Collected material:
-- Opening Marker --
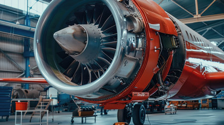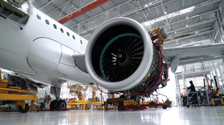 Close-up detail of a powerful jet engine undergoing maintenance within an aircraft hangar. The image showcases the intricate engineering and powerful mechanics of modern aviation technology. Ideal for illustrating concepts related to aerospace, aviation maintenance, or industrial machinery.
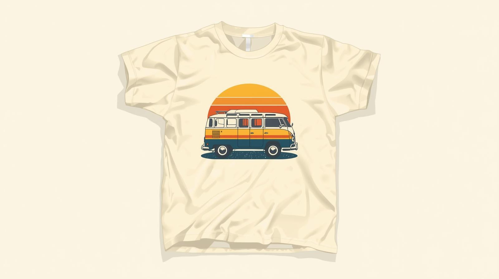 A vintage camper van cruising through a desert with cactus silhouettes and a warm retro sunset backdrop. 70s vibes, nostalgic and adventurous.
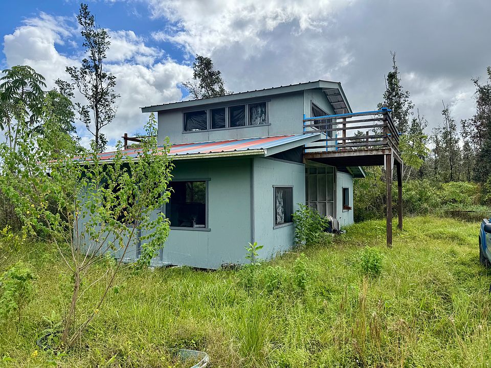 Rustic two-level structure with metal roof, upper lanai, and flexible interior layout. Solar system in place, surrounded by tropical greenery for privacy and airflow.
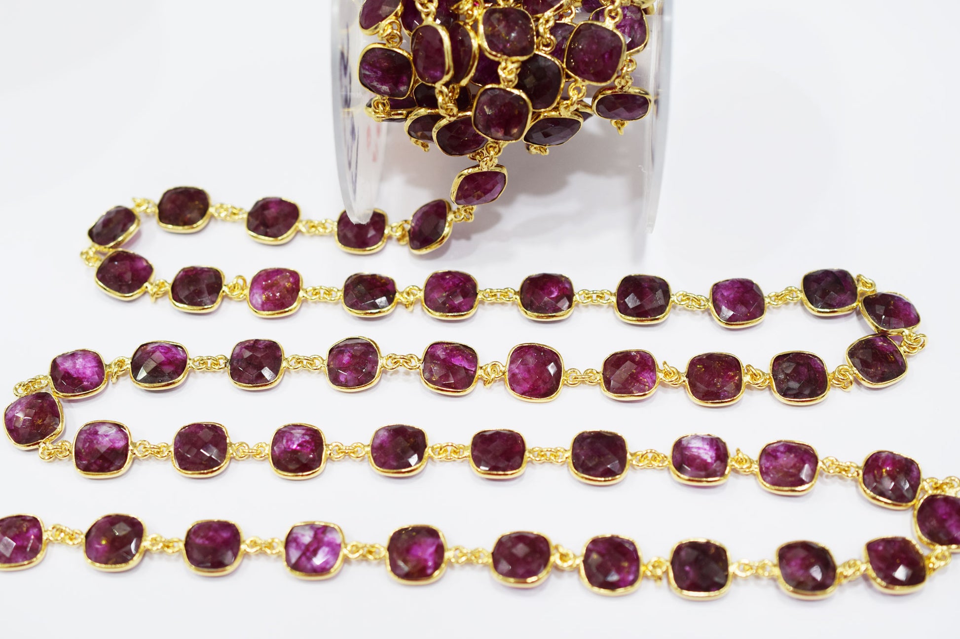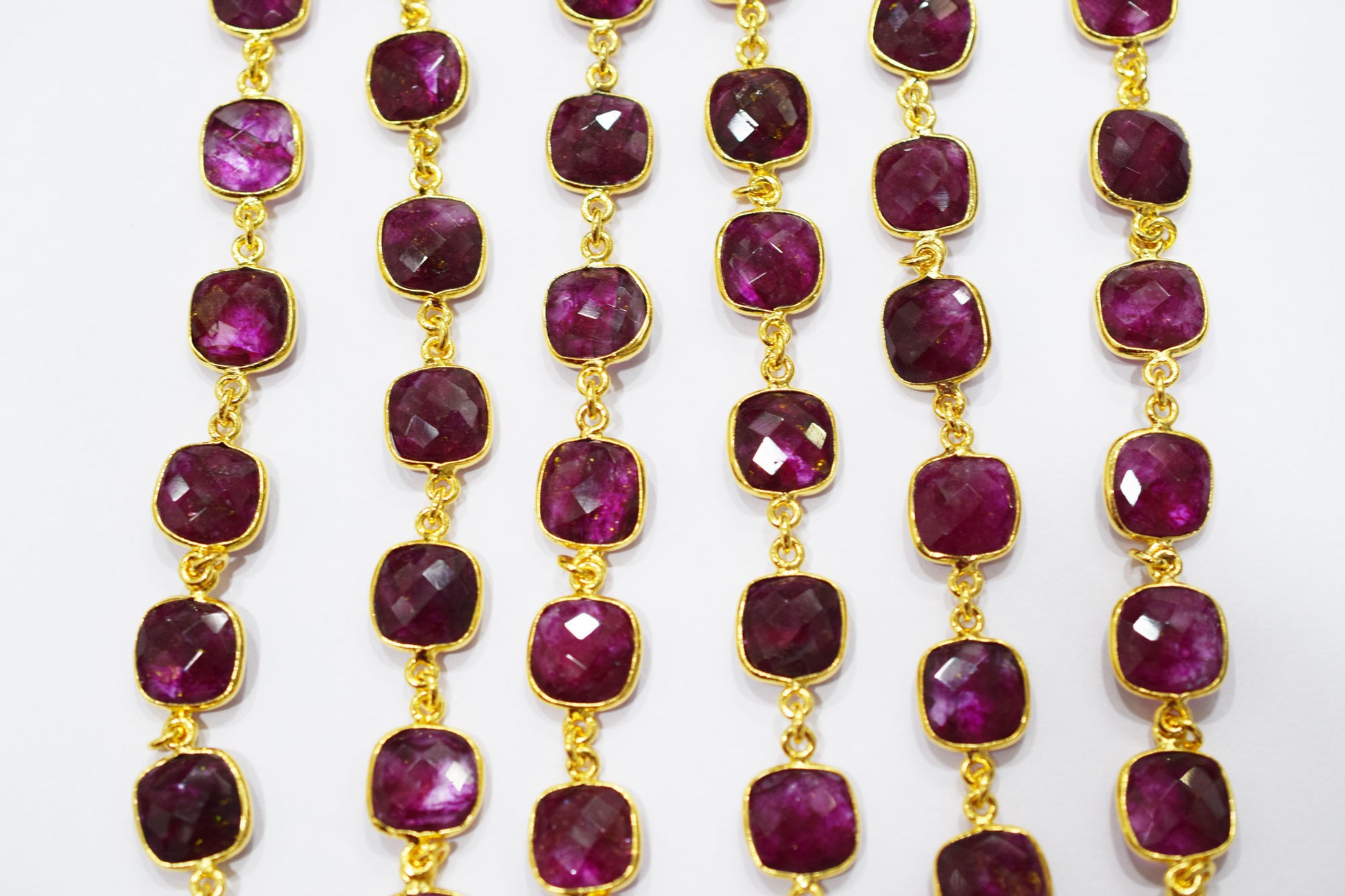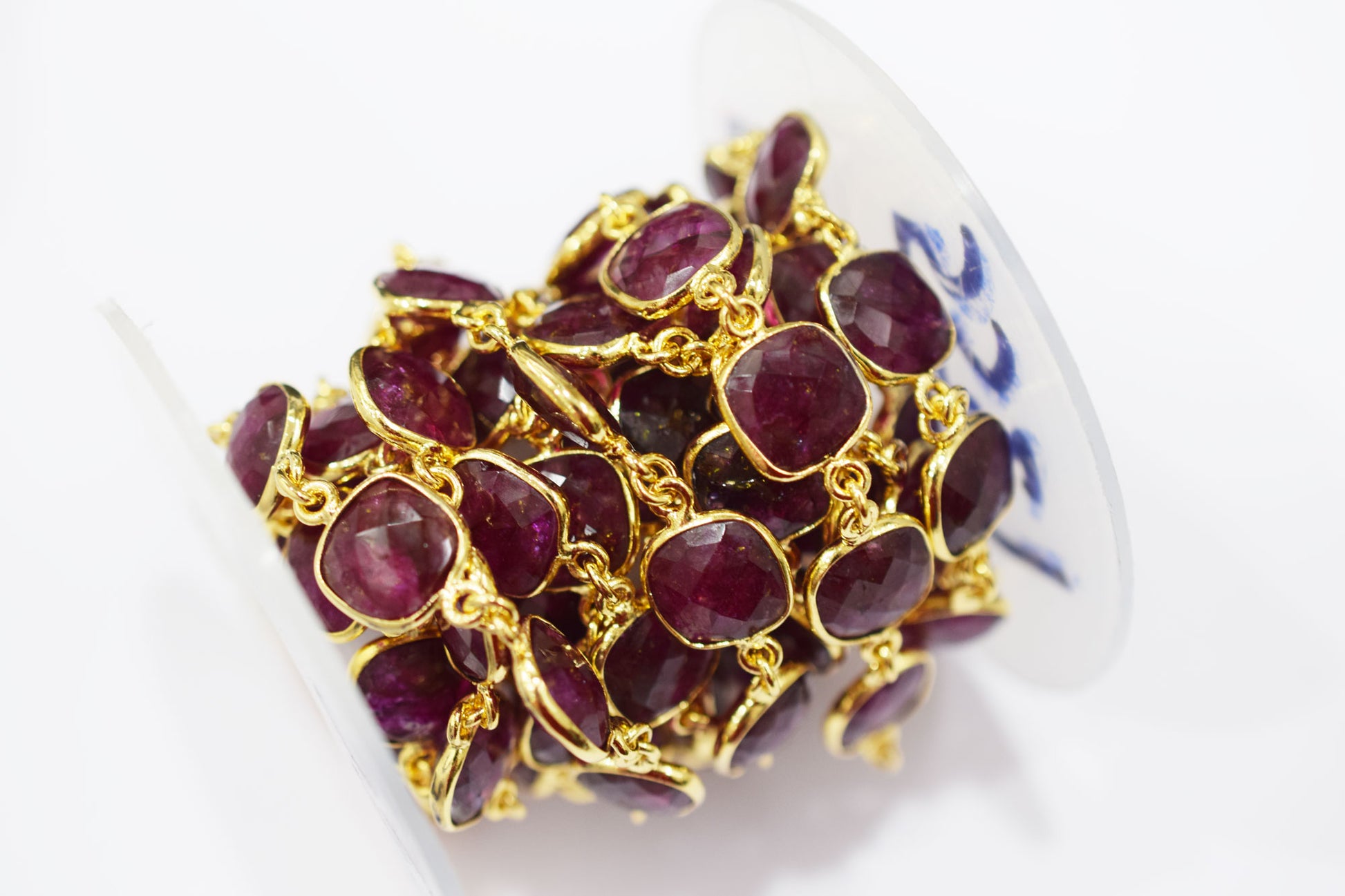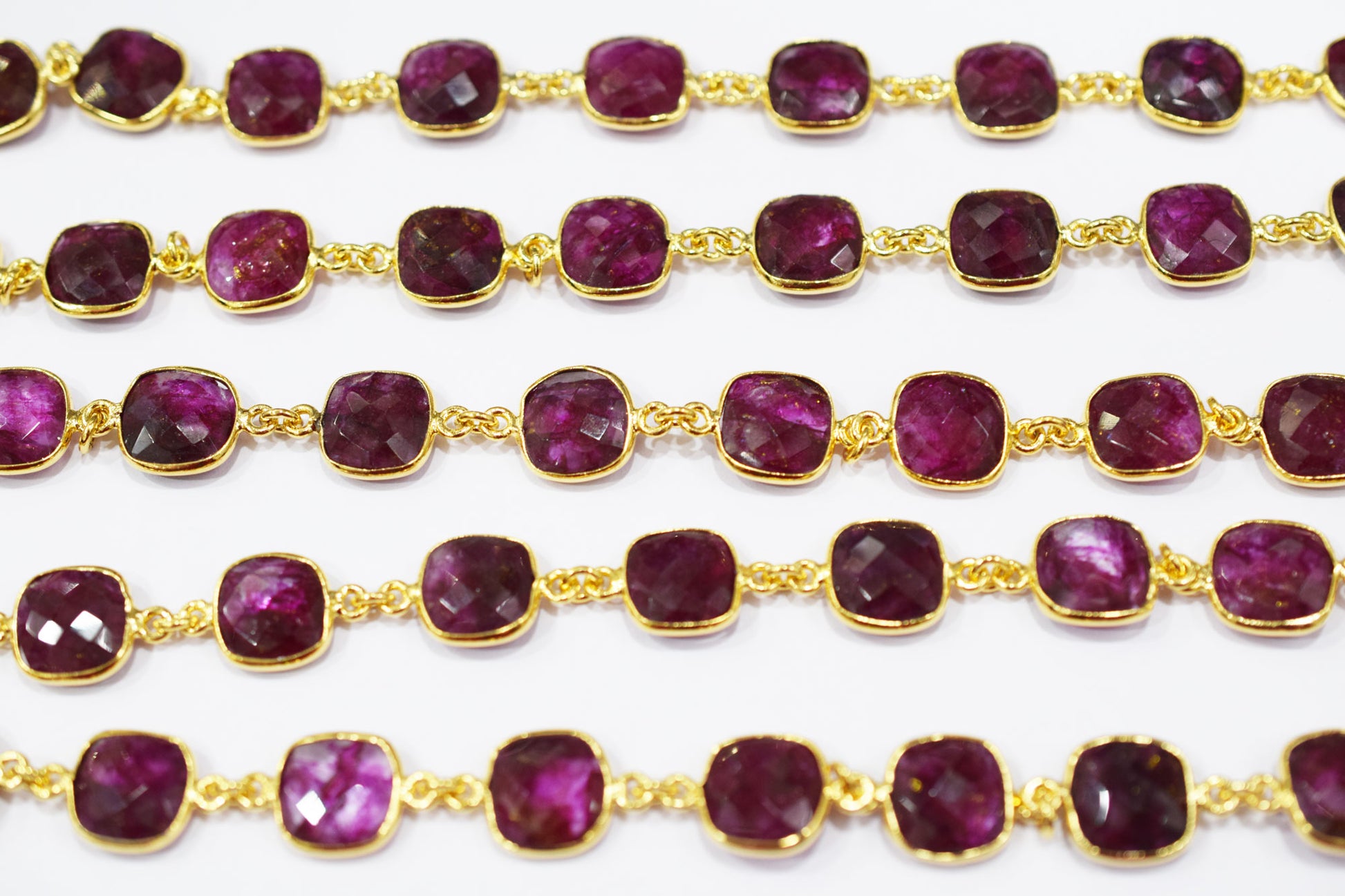 Dyed Ruby Beryl Faceted Cushion Shape Connector Chain , Dyed Ruby Beryl Cushion Shape Bezel Link Chain , 12 mm , RB-6541
-- Closing Marker --
Task statement:
What you need to retype is every line from the one that has "A vintage camper" through the last line of the listing, both included, with the pictures left out.

Answer space:
 A vintage camper van cruising through a desert with cactus silhouettes and a warm retro sunset backdrop. 70s vibes, nostalgic and adventurous.
 Rustic two-level structure with metal roof, upper lanai, and flexible interior layout. Solar system in place, surrounded by tropical greenery for privacy and airflow.
 Dyed Ruby Beryl Faceted Cushion Shape Connector Chain , Dyed Ruby Beryl Cushion Shape Bezel Link Chain , 12 mm , RB-6541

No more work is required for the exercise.